Article from the online resource Manufacture of plastic and polymer products - www.poliolefins.ru
The novelty of plastics as a building material, a complex chemical structure of the polymers and their extreme rigidity work in certain building constructions require comprehensive, deep and scientific study objective behavior problems of plastics in time and their durability.
A valuable property of plastics is their low bulk density. Volumetric weight of various commonly used plastics, including porous sponge ranges from 1 to 2200 kg / m3. Special plastics, for example, radiopenetic with barium sulphate as a filler, can have a bulk density and are much higher. Average, bulk density of plastics, excluding porous plastics, is half that of aluminum and 5-8 times less than that of steel, copper, lead. It is quite obvious that even a partial replacement of these metals, as well as silicate materials with plastics, results in a significant reduction in the weight of the structure, although in cases where plastics are used as a structural wall material, aggregate in skeleton-type buildings and interlayers.

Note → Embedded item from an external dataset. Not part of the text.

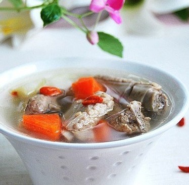 将猪肚洗净,去油脂,放入沸水中焯后去水,晾干水后备用。将白术、煨姜、胡椒放入猪肚内,缝合猪肚,猪肚外以针刺小孔,放入清水,大火煮沸,小火煮2小时,放入精盐调味。捞出猪肚,切块,喝汤吃猪肚。有温中散寒,补脾益气的功效,尤其适用于素体脾胃虚寒的人食用。

Strength characteristics of plastics are particularly high in plastics with sheet-like fillers. For example, for fiberglass, the tensile strength reaches 2800 kg / cm2 (steel grade St.S. 3800-4500 kg / cm2), in delta wood - 3500 kg / cm2 and for fiberglass anisotropic material (SVAM) -4600 kg / cm2. From the data given, it can be seen that laminated plastics can be used for load-bearing structural elements of buildings. The compressive strength of these materials is also sufficient, namely: for delta-wood 2000, for glass-cloth laminate 1600 and for SVAM 4000 kg / cm2. Interesting and encouraging in terms of the use of plastics in the construction of the ratio of these materials in the limits of compressive strength and tensile strength, namely: delta-wood 0.7, for fiberglass 0.6, for SVAM 0.9, for comparison - for steel 1, for pine 0.4, for concrete 0.1. Thus, the main strength characteristics of plastics in terms of compressive strength and tensile strength are high enough and exceed in this respect many building materials of the silicate group. Strength characteristics of porous plastics, for example, miporas, are very low, but they satisfy the requirements set by it.

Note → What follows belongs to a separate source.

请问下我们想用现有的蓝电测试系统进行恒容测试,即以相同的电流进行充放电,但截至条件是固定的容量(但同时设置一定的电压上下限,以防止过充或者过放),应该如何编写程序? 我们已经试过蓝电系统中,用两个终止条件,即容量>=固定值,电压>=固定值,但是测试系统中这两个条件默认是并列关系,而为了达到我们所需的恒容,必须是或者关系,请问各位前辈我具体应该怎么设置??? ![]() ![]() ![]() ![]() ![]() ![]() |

The most important indicator for constructive materials is the coefficient of constructive quality of the material, i.e. the coefficient obtained from dividing the strength of the material by its bulk weight. A wide application in the construction of materials with a high coefficient of constructive quality predetermines the correct solution of one of the main tasks of progressive construction - reducing the weight of buildings and construction. According to this indicator, plastics take first place. The coefficient of constructive quality of brickwork is 0.02 (the lowest of all building materials), concrete grade 150-0.06, steel grade St. Z-0.5, pine - 0.7, duralumin-1.6, SVAM - 2,2 and, finally, delta-wood - 2,5. Thus, according to the coefficient of constructive quality, laminated plastics are unsurpassed so far, from which the most durable and lightest structures can be created.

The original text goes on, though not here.